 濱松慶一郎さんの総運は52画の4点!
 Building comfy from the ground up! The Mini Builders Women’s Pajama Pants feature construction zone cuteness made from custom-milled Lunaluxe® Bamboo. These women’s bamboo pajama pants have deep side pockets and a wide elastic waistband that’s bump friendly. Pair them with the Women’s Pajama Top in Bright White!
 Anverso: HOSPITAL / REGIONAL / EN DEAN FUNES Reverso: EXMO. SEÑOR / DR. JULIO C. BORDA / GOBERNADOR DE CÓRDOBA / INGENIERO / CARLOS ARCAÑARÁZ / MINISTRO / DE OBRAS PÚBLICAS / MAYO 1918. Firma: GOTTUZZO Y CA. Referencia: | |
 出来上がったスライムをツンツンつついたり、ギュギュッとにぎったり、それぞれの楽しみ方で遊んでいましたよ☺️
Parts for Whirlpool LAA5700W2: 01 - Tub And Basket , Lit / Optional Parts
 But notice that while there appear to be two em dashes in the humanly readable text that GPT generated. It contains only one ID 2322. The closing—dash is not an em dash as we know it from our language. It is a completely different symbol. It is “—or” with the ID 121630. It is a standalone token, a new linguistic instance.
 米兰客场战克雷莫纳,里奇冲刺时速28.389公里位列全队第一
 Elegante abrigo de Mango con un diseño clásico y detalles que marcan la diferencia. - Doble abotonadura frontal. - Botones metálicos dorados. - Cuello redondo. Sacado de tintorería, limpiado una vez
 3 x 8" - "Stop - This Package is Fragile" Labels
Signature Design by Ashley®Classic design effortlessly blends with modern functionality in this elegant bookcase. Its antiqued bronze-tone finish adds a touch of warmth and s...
...
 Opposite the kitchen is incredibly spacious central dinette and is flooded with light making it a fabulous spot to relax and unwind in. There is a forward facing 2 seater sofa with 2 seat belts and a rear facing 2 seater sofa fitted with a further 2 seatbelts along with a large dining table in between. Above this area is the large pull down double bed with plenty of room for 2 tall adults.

→ Instructions to follow
In the entries above, one line contains "- This Package" and another contains "Signature Design by". Reproduce exactly those two lines and the lines between them, nothing else.

→ Problem solution
 3 x 8" - "Stop - This Package is Fragile" Labels
Signature Design by Ashley®Classic design effortlessly blends with modern functionality in this elegant bookcase. Its antiqued bronze-tone finish adds a touch of warmth and s...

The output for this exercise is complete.